The Real News Network
- Website type: Daily news
- Editor: Maximillian Alvarez
- Website: www.therealnews.com
- Launched: 2007

= The Real News Network =

North America-based news organization

The Real News Network (TRNN) is a news organization based in Baltimore, Maryland, that covers both national and international news with a left leaning point of view. It includes both for-profit arm and non-profit organizations.

== History ==
TRNN was founded by documentary producer Paul Jay and Mishuk Munier in September 2003 in Toronto, with the goal of creating a news network that made complicated concepts accessible to the average person.
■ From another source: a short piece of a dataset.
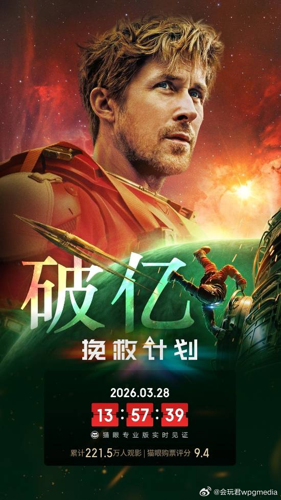 《挽救计划》国内票房过亿据猫眼专业版数据,电影《挽救计划》 上映9天, 总票房破1亿。《挽救计划》是由菲尔·罗德、克里斯托弗·米勒执导,德鲁·高达、安迪·威尔编剧,瑞恩·高斯林、桑德拉·惠勒、詹姆斯·奥尔蒂斯、米拉娜·薇恩翠、梁振邦等主演的太空科幻惊悚片。该片于2026年3月18日在中国台湾上映,同年3月20日在北美与中国内地同步上映。该片改编自安迪·威尔的同名小说,讲述了曾担任中学科学课老师的宇航员从昏迷中醒来,发现独自身处宇宙飞船中,已经不记得自己是谁,在这里干什么。而随着记忆爆发式的回归,他想起是被送往离地球12光年的天仓五,去拯救地球——因为一起太空事件,地球已进入冰川时代早期。任务的细节逐渐揭露,他必须依赖自身的科技知识和聪明才智。不过,他可能并不是独自一“人”。

TRNN moved to Baltimore in June 2014, with the focus of telling stories about urban America, specifically focusing on the city's issues, including crime, education, and housing that are found throughout the United States. Founder Paul Jay was ousted from the Real News Network in June, 2019. Communications executive John Duda became the organization's executive director in June 2020.

In 2022, Dharna Noor used to lead the climate team at TRNN.

Maximillian Alvarez became Editor-in-Chief. He was formerly a temporary warehouse worker, an experience which he says impacts whose stories he covers and how.

== Funding ==
In January 2007, Paul Jay told the Daily Kos that TRNN did not accept funding from advertising, governments, or corporations. In December 2018, Baltimore Magazine quoted Jay as saying the budget was $3.3 million which accrued from large and small donations from viewers and foundations, as well as a for-profit segment.

== Content ==
As of 2019, TRNN produced five-to-seven minute news reports available online or video on demand.

In 2016, former Black Panther Marshall "Eddie" Conway became the host and producer of "Rattling the Bars," a weekly investigative program about prison systems in the US and abroad.

TRNN's Police Accountability Report was led by investigative reporters Taya Graham and Stephen Janis. They were some of the first journalists to cover the story of Anton Black, a 19 year old who died after being pinned to the ground by police in rural Maryland.

Independent journalist Michael Fox's podcast "Brazil on Fire" is a joint project of The Real News Network and NACLA.